## [WHAT IS BEING ASKED]
In the listing below, the answer starts at the line that has "sống không thể" and stops after the line that has "또한, 각 관광지의 운영"; please repeat that part exactly and nothing more.

## [MATERIAL SHOWN]

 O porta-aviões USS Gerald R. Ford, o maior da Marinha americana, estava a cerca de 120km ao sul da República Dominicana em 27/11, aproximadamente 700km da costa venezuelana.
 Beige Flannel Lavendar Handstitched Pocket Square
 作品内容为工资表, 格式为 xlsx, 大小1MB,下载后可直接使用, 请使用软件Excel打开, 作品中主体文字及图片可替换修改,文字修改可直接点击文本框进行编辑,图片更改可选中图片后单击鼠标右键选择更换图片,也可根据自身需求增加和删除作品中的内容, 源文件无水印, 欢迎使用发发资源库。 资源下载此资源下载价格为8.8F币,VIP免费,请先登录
---
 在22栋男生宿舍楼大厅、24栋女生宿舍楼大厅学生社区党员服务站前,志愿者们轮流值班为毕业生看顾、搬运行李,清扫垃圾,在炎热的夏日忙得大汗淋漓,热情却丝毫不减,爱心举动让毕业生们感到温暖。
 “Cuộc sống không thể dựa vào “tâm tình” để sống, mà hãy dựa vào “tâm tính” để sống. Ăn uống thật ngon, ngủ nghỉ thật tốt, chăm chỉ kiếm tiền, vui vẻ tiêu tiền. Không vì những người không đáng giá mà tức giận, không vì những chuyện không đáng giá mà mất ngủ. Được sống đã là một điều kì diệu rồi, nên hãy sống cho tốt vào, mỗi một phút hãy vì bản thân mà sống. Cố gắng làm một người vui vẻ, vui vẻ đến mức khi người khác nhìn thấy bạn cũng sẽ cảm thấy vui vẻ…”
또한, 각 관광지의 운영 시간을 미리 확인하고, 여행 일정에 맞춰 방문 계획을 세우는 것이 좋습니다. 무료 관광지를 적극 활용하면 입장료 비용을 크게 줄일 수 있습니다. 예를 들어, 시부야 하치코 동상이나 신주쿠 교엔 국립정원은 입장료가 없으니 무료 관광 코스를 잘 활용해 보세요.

## [EXERCISE OUTPUT]
 “Cuộc sống không thể dựa vào “tâm tình” để sống, mà hãy dựa vào “tâm tính” để sống. Ăn uống thật ngon, ngủ nghỉ thật tốt, chăm chỉ kiếm tiền, vui vẻ tiêu tiền. Không vì những người không đáng giá mà tức giận, không vì những chuyện không đáng giá mà mất ngủ. Được sống đã là một điều kì diệu rồi, nên hãy sống cho tốt vào, mỗi một phút hãy vì bản thân mà sống. Cố gắng làm một người vui vẻ, vui vẻ đến mức khi người khác nhìn thấy bạn cũng sẽ cảm thấy vui vẻ…”
또한, 각 관광지의 운영 시간을 미리 확인하고, 여행 일정에 맞춰 방문 계획을 세우는 것이 좋습니다. 무료 관광지를 적극 활용하면 입장료 비용을 크게 줄일 수 있습니다. 예를 들어, 시부야 하치코 동상이나 신주쿠 교엔 국립정원은 입장료가 없으니 무료 관광 코스를 잘 활용해 보세요.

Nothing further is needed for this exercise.